3. The Prosecution Reply

  1. The Prosecution agrees with the Defence that the Appeals Chamber must decide whether it has jurisdiction to hear the Prosecution Appeal before it can deal with the merits of the appeal against the Impugned Decision. However the Prosecution considers that there is no reason why the Appeals Chamber should address these issues in two separate phases of these proceedings. It should rather determine whether the appeal falls within its jurisdiction and if so determine that appeal as happened in the Tadic Jurisdiction Appeal.[20] The Prosecution concedes that if the appeal against the Trial Chamber’s decision of 2 August 2004 is allowed, it will be necessary to have a separate phase in which the appeal against the Trial Chamber’s decision of 20 May 2004 is heard. In order to avoid delays, the Prosecution’s arguments on the appeal against the Trial Chamber’s decision of 20 May 2004 have already been set out in an annex to the Prosecution Appeal.[21]
  2. The Prosecution submits that the Defence position relating to the absence of an applicable Rule is directly contradicted by the decisions of the Appeals Chamber of the ICTY. The Prosecution recalls that the existence of an inherent jurisdiction is well established in the case law of the ICTY and has been recognised by the Appeals Chamber of the Special Court in Prosecutor v. Norman, Kallon and Gbao, Decision on Application for a Stay of Proceedings and Denial of Right to Appeal of 4 November 2003. Therefore, it has to be considered established beyond doubt that an international criminal court has a certain inherent jurisdiction and inherent powers by virtue of its judicial character.[22]
  3. The Prosecution reiterates its earlier submission that an Appeals Chamber can, in certain circumstances, in the exercise of its inherent jurisdiction, hear appeals that are not expressly provided for in the Statute or Rules.[23] According to the Prosecution, the Defence failed to address the question whether the present case is one of those particular circumstances but simply seeks to deny altogether the existence of the Court’s inherent powers.[24] The Prosecution argues that it would not be inconsistent with Rule 73 (B) for the Appeals Chamber to hear the Prosecution Appeal as the exercise of its inherent jurisdiction is in addition to and complements the express provisions in the Rules.[25] The Prosecution, while not arguing that the Appeals Chamber has the general power to hear any appeal from any decision of a Trial Chamber, submits that there is a general principle that any decision that is erroneous and has led to injustice, and which is not capable of being remedied by any other means, should be subject to correction by the Appeals Chamber pursuant to its inherent power to intervene.
  4. With regard to the argument whether the provisions in the Rules relating to interlocutory appeals were carefully considered by the Plenary, the Prosecution’s reply is that in the present case the question that arises is what occurs if the Trial Chamber errs in its interpretation and application of the requirements of Rule 73 (B). No provision is made in the Rules to deal with this situation, and there is nothing to suggest that the Plenary ever expressly considered it.[26]

III. APPLICABLE LAW

  1. Rule 73 deals with appeals from interlocutory decisions of the Trial Chamber. It provides:

(A) Subject to Rule 72, either party may move before the Designated Judge or a Trial Chamber for appropriate ruling or relief after the initial appearance of the accused. The Designated Judge or the Trial Chamber, or a Judge designated by the Trial Chamber from among its members, shall rule on such motions based solely on the written submissions of the parties, unless it is decided to hear the parties in open Court.
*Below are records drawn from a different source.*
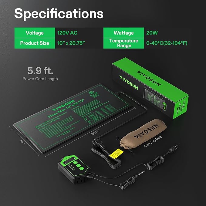 - Reliable Results: The VIVOSUN professional heat mat maintains optimal temperatures around 68-86℉ (20-30℃), perfect for Seedling start and cutting propagation; Made from durable PVC material, it's designed to last
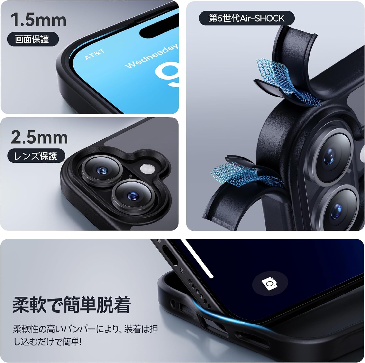 【米軍MIL認証済み・もしもの時も安心】米軍MIL規格「MIL-STD-810G」をクリアした強靭なiPhone 16用ケース。四隅のAir-Shock5.0と三層の耐衝撃構造により、3.85mの高さから5500回、36方向でアスファルトや砂利に落下させてもスマホ本体は無傷!日常使いから旅行まで、どんなシーンでも安心して使える。【365日安心】12時間以内に対応、安心してご購入ください!(購入履歴→購入商品→販売者→質問からご連絡ください)米軍MIL認証番号:GZMR220702237705
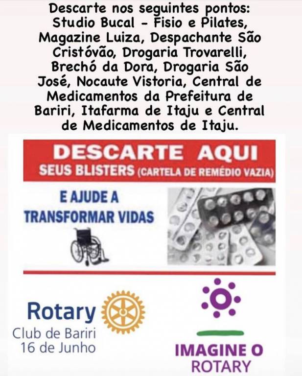 Em rápida entrevista concedida à 91 FM, o companheiro Marcel Devides atualizou os ouvintes sobre a campanha de arrecadação de blisters, os invólucros metálicos de medicamentos. A campanha segue com excelente adesão graça à contribuição dos municípes, parceiros, companheiros, comerciantes. Em breve, segundo Marcel, o primeiro carregamento será prensado e despachado para reciclagem e, em troca, uma cadeira de rodas, pelo menos, poderá ser obtida. Os pontos de troca estão indicados nas redes sociais do Rotary, Facebook e Instagram.
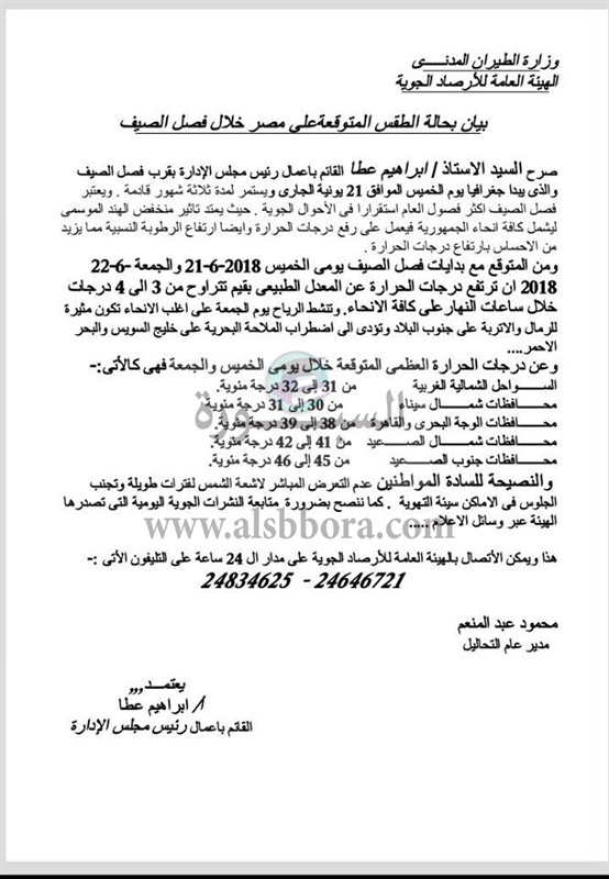 أصدرت هيئة الأرصاد الجوية بيانا هاما بشأن بداية فصل الصيف اليوم وتوجه نصائح للمواطنين وإليكم نص البيان :
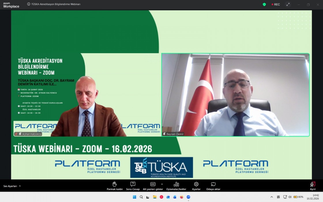 Our faculty member Dr. Ergül Söylemezoğlu participated in the online informative meeting regarding mandatory TÜSKA Accreditation on February 16, 2026. The event, organized by the Private Hospitals Platform Association with the attendance of TÜSKA President Assoc. Prof. Bayram DEMİR, provided essential information on the health quality and accreditation standards required by the Ministry of Health.
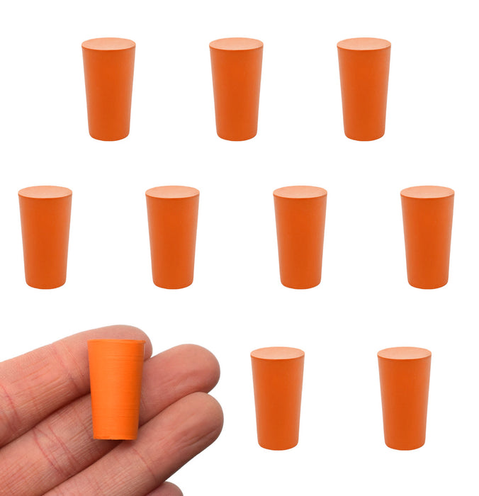 Pack of 10 stoppers, made from superior-quality solid rubber, features an orange color. Each stopper measures 20mm in length, with a base diameter of 9mm and a top diameter of 11.5mm. The durable rubber construction is suitable for use with chemicals, being resistant to acids, alkalis, and ammonia. Easy to clean, these stoppers are stable at temperatures between -20°C and 70°C. Designed for professional laboratory use, they are also perfect for various applications in the home and garage.
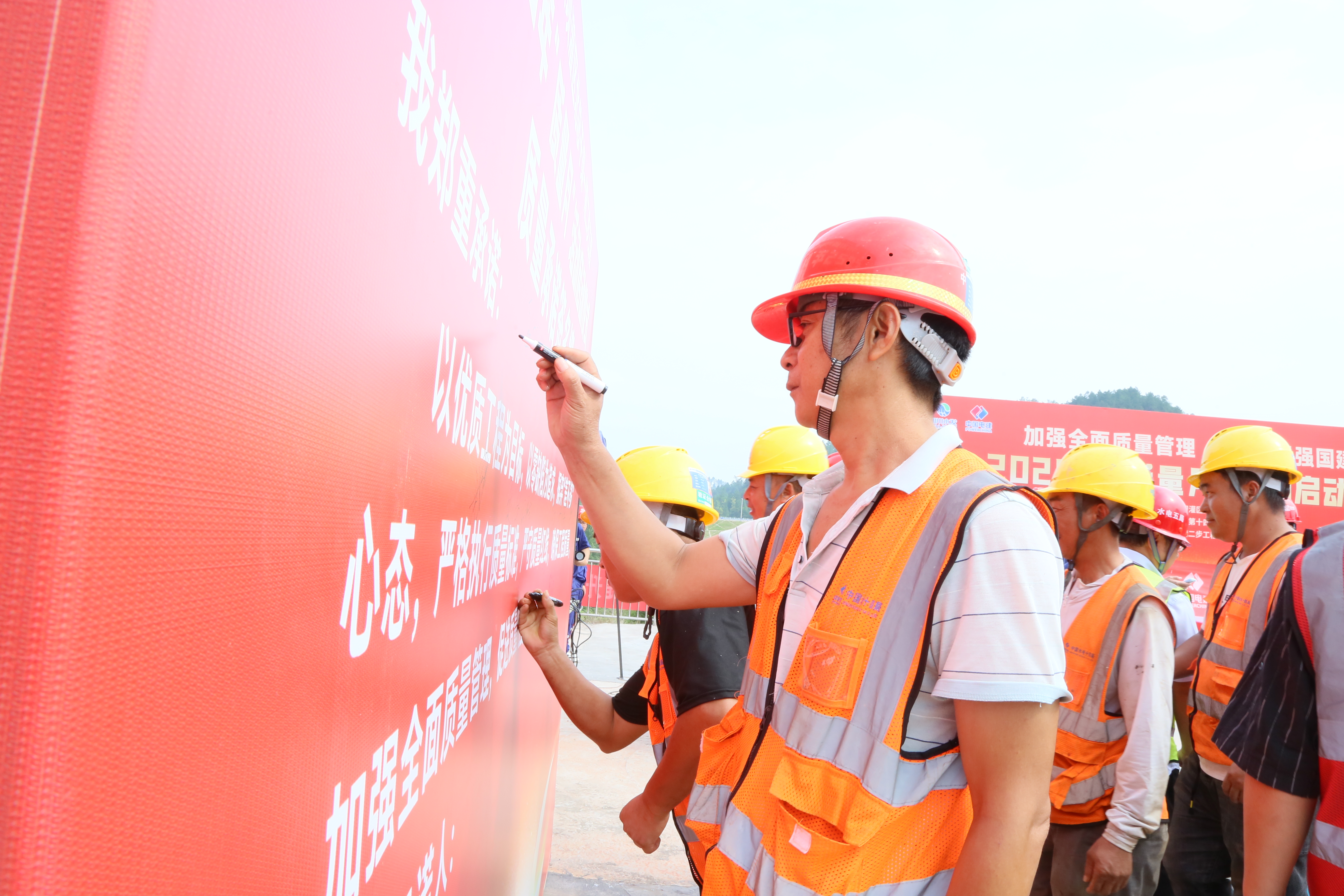 為全面貫徹黨的二十大和二十屆二中、三中全會精神,深入學(xué)習(xí)領(lǐng)會習(xí)近平總書記關(guān)于治水重要論述及對質(zhì)量工作的一系列重要論述,落實(shí)《質(zhì)量強(qiáng)國建設(shè)綱要》部署,深入推進(jìn)全民質(zhì)量行動,9月1日,向家壩灌區(qū)一期工程2025年全國“質(zhì)量月”活動啟動儀式在馬耳巖泄水洞施工平臺順利舉行。向家壩公司黨委副書記、副董事長、總經(jīng)理羅衡,設(shè)計、監(jiān)理、施工、檢測等參建各方代表以及部分勞務(wù)班組、一線作業(yè)人員出席活動。
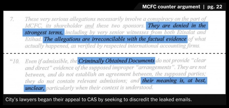 曼城向CAS提出了上诉,声称他们不必对泄露的邮件进行身份验证,并认为它们超出了审查小组的需要。
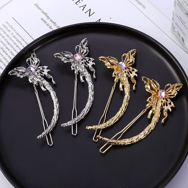 ダイヤモンドの液体の金属の蝶のかんざしの気質を入れて冷淡な風のかんざしを出します。
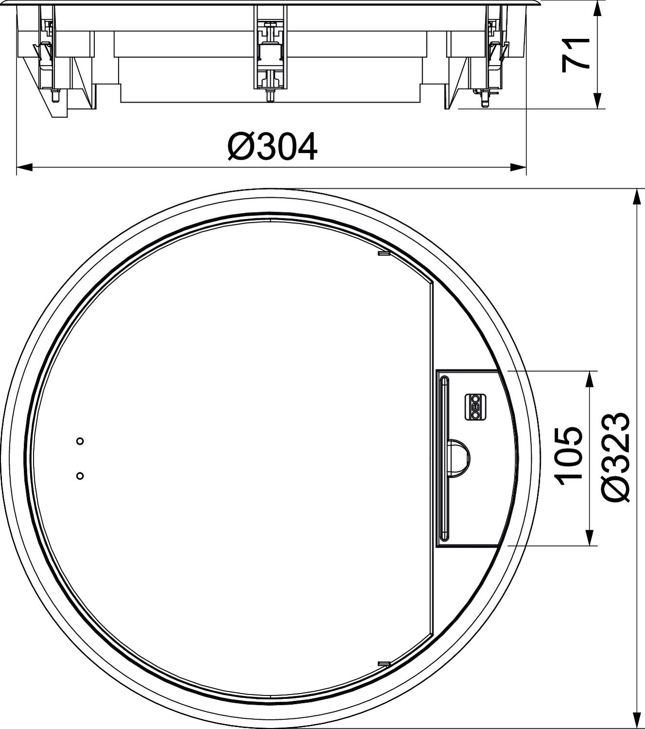 Розетковий люк з ручкою-скобою, для установки монтажного кронштейна MT9. Можна встановити накладки типу APMT5
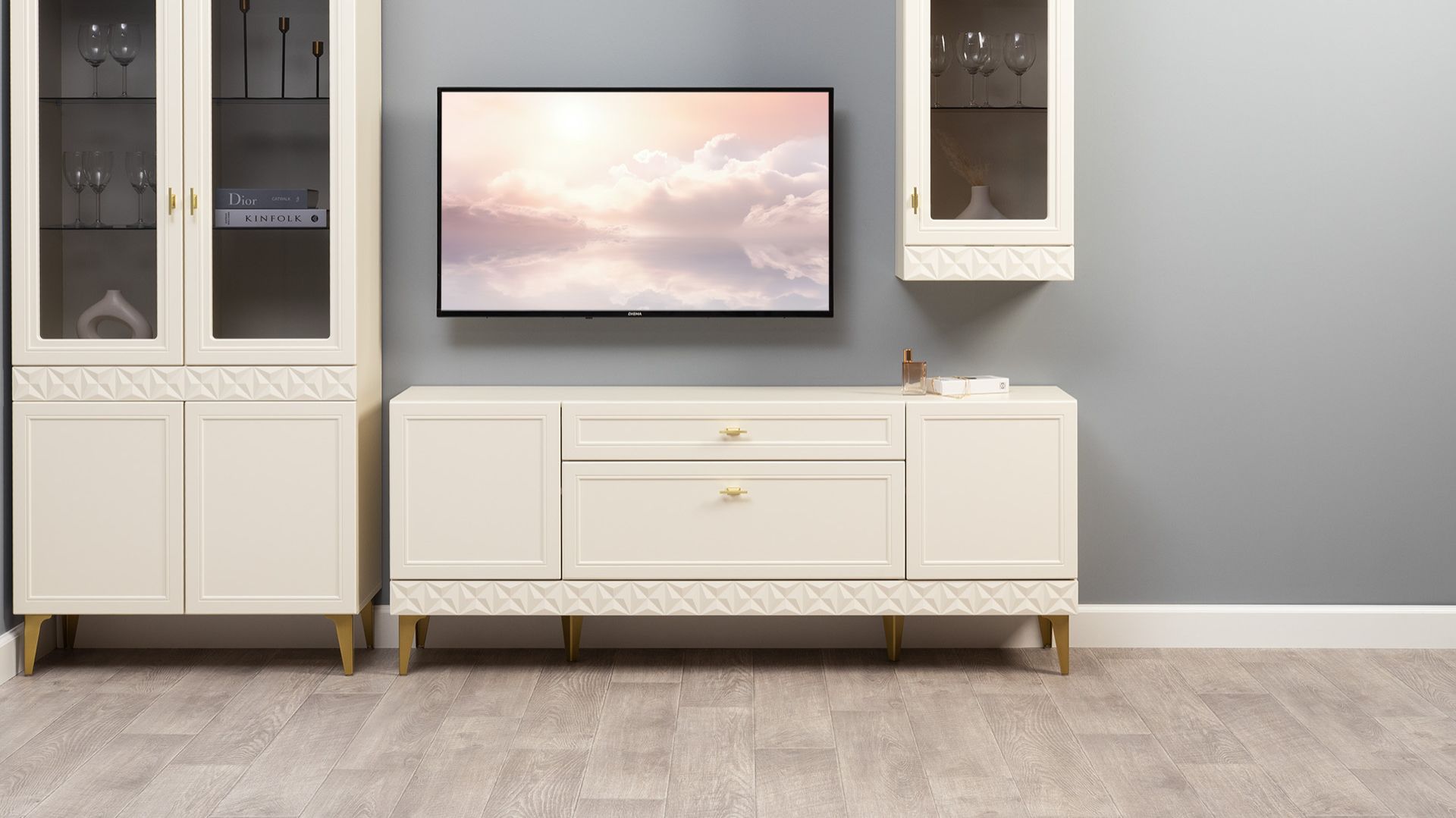 Коллекция «Марион» — воплощение изысканной классики. Изящные линии, глубокая фрезеровка фасадов из МДФ и благородные оттенки. Утончённая «Слоновая кость» и изысканная «Олива Шагрень» с глубоким зелёным тоном — создают атмосферу уюта, тепла и благородства. Металлические ручки и опоры золотого цвета придают мебели утончённый блеск, а петли и направляющие с доводчиками обеспечивают плавное и бесшумное закрытие фасадов. В коллекции представлены три типа витрин с тонированным закалённым стеклом, которые придают пространству лёгкость и свет. «Марион» — идеальное сочетание традиций и актуального дизайна в каждой детали.
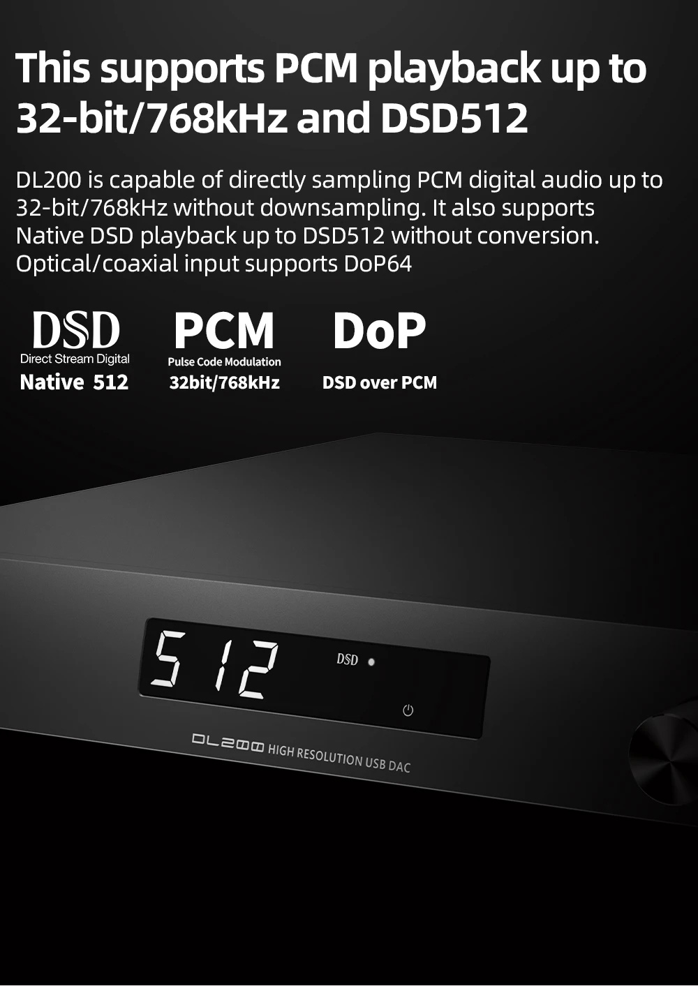 - Supports for MQA and MQA-CD full decoding: DL200 is a complete decoder for MQA, which will fully expand music files for MQA to provide high-quality sound sources. At this playing level, you will fully hear the content created by the artist in the studio.
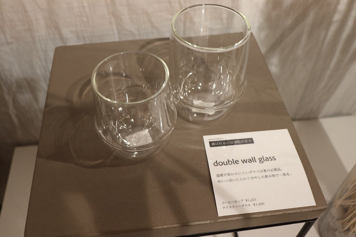 水滴がつきにくく、手への温度も伝わりにくいため冷たいもの、温かいもの両方に重宝できるダブルウォールグラス。ロングセラー商品。
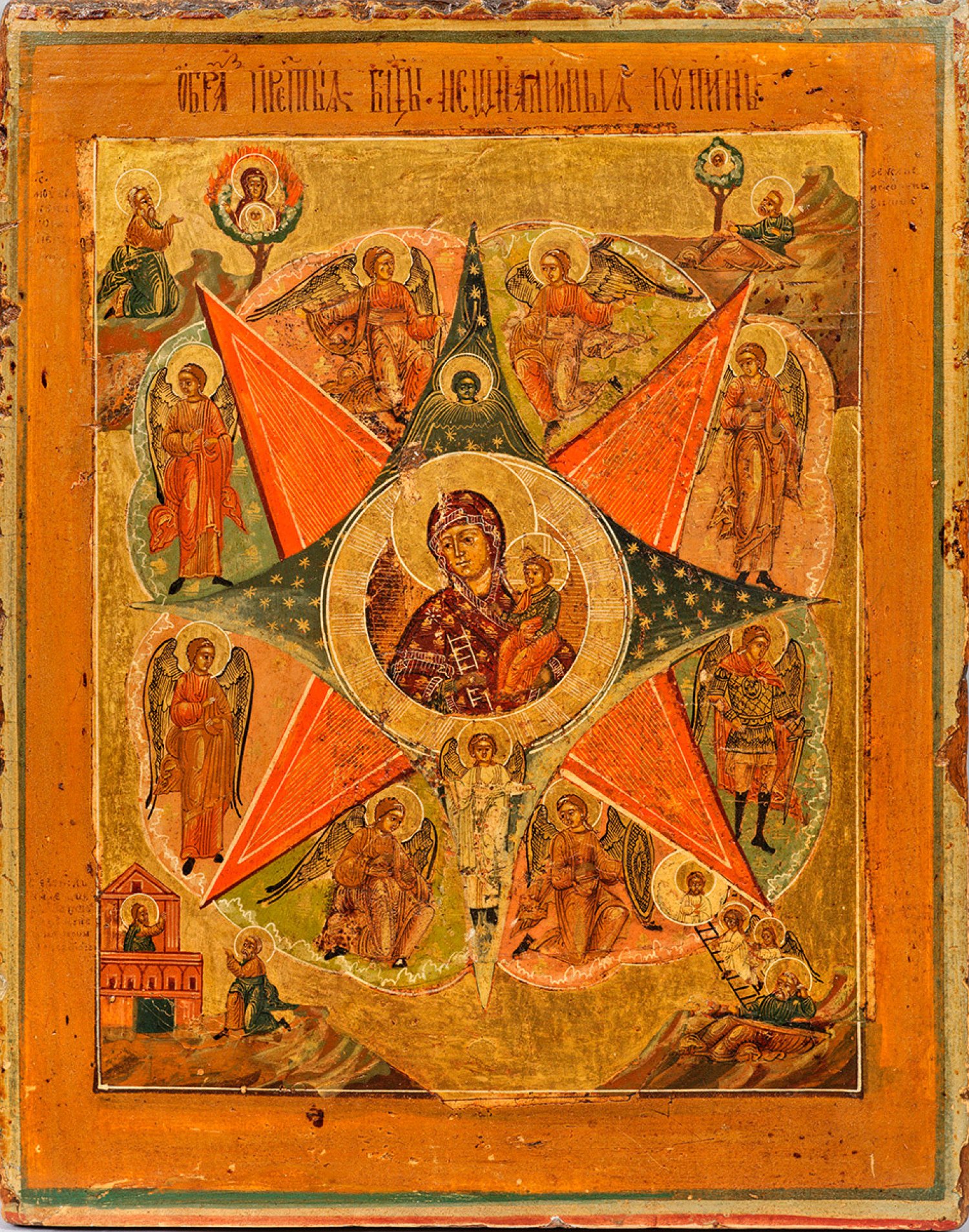 Tempera und Gold auf Holz. 2 rücks. Sponki. Die alttestamentliche Erzählung des unverbrennbaren Dornbusches, den Moses sah und aus dem der Engel des Herrn zu ihm sprach, gilt als Prophezeiung der Jungfräulichkeit Mariens. Im 16. Jh. entwickelte die russische Ikonenmalerei hierzu ein komplexes Motiv: Die Gottesmutter mit dem Kind im Zentrum eines aus zwei konkaven Vierecken gebildeten Sterns, der von einer achtpassigen Rosette eingefasst wird. In den einzelnen Bildfeldern sind Evangelisten und Engel wiedergegeben und die Ecken bilden vier alttestamentliche Erzählungen ab, die als biblische Weissagungen der Jungfräulichkeit Mariens verstanden werden. Kirchenslawisch bez.; 34,5 cm x 26 cm x 3 cm.

(B) Decisions rendered on such motions are without interlocutory appeal. However, in exceptional circumstances and to avoid irreparable prejudice to a party, the Trial Chamber may give leave to appeal. Such leave should be sought within 3 days of the decision and shall not operate as a stay of proceedings unless the Trial Chamber so orders.

(C) Whenever the Trial Chamber and the Appeals Chamber of the Court are seized of the same Motion raising the same or similar issue or issues, the Trial Chamber shall stay proceedings on the said Motion before it until a final determination of the said Motion by the Appeals Chamber.


IV. ANALYSIS


  1. The threshold question to be decided is not whether the Appeals Chamber can exercise jurisdiction to entertain an appeal from a decision of the Trial Chamber rendered pursuant to Rule 73(A) of the Rules, but whether in certain cases it can exercise inherent power to dispense with the need to comply with the provisions of Rule 73(B) in order to admit an appeal from an interlocutory decision of the Trial Chamber refusing leave to appeal to the Appeals Chamber.
  2. That question raises an immediate procedural question whether in the situation that has arisen the appellant without first obtaining the leave of the Trial Chamber pursuant to Rule 73(B) can initiate these appeal proceedings, by directly approaching the Appeals Chamber. There is no reason to treat a motion for leave to appeal an interlocutory decision of the Trial Chamber as anything other than a motion under Rule 73(A) of the Rules. But for the need to deal with the issue raised in these proceedings once and for all in order to clear any doubt as to the limits of the Court’s inherent jurisdiction, it would have been in order to refuse to entertain the proceedings on the ground that there is no procedural foundation for approaching the Appeals Chamber in matters such as this, touching on a decision of the Trial Chamber rendered in a motion under Rule 73(A), without prior leave of the Trial Chamber. While it is undisputed that the Court has an inherent jurisdiction which it exercises as and when such is appropriate, it is an assumption of the extent of the inherent powers of the Court that goes too far, to assume that the Court also has an inherent jurisdiction to fashion a procedure for originating proceedings before it outside the express provisions of the Rules.
  3. The Prosecution, in invoking the inherent jurisdiction of the Appeals Chamber, proceeded on the footing that there is no express provision in the Rules which permits an appeal to the Appeals Chamber against a decision of the Trial Chamber under Rule 73(B) refusing leave to file an interlocutory appeal. If a decision refusing leave to appeal is regarded as falling within Rule 73(A) and (B) of the Rules, it cannot reasonably be argued that an appeal by leave of the Trial Chamber has not been provided for by the Rules. An appeal from the decision of the Trial Chamber refusing leave to appeal could itself, in such a case, have been brought pursuant to leave sought and granted by the Trial Chamber. The prospect of an endless series of applications for leave to appeal from a decision of the Trial Chamber that would make it absurd to contemplate an appeal by leave of the Trial Chamber from such refusal, does lend some strength to the view that the intention of the Rules, though not expressly stated, is to exclude appeals from refusal of the Trial Chamber to grant leave to appeal.
  4. The original Rule 73(B) did not provide for an interlocutory appeal at all. It was an addition of a second limb by an amendment adopted at the August 2003 Plenary that made provision for appeal by leave.
  5. The equivalent ICTY/R rule (Rule 73(B)) states:

Decisions on all motions are without interlocutory appeal save with certificate by the Trial Chamber, which may grant such certificate if the decision involves an issue that would significantly affect the fair and expeditious conduct of the proceedings or the outcome of the trial, and for which, in the opinion of the Trial Chamber, an immediate resolution by the Appeals Chamber may materially advance the proceedings.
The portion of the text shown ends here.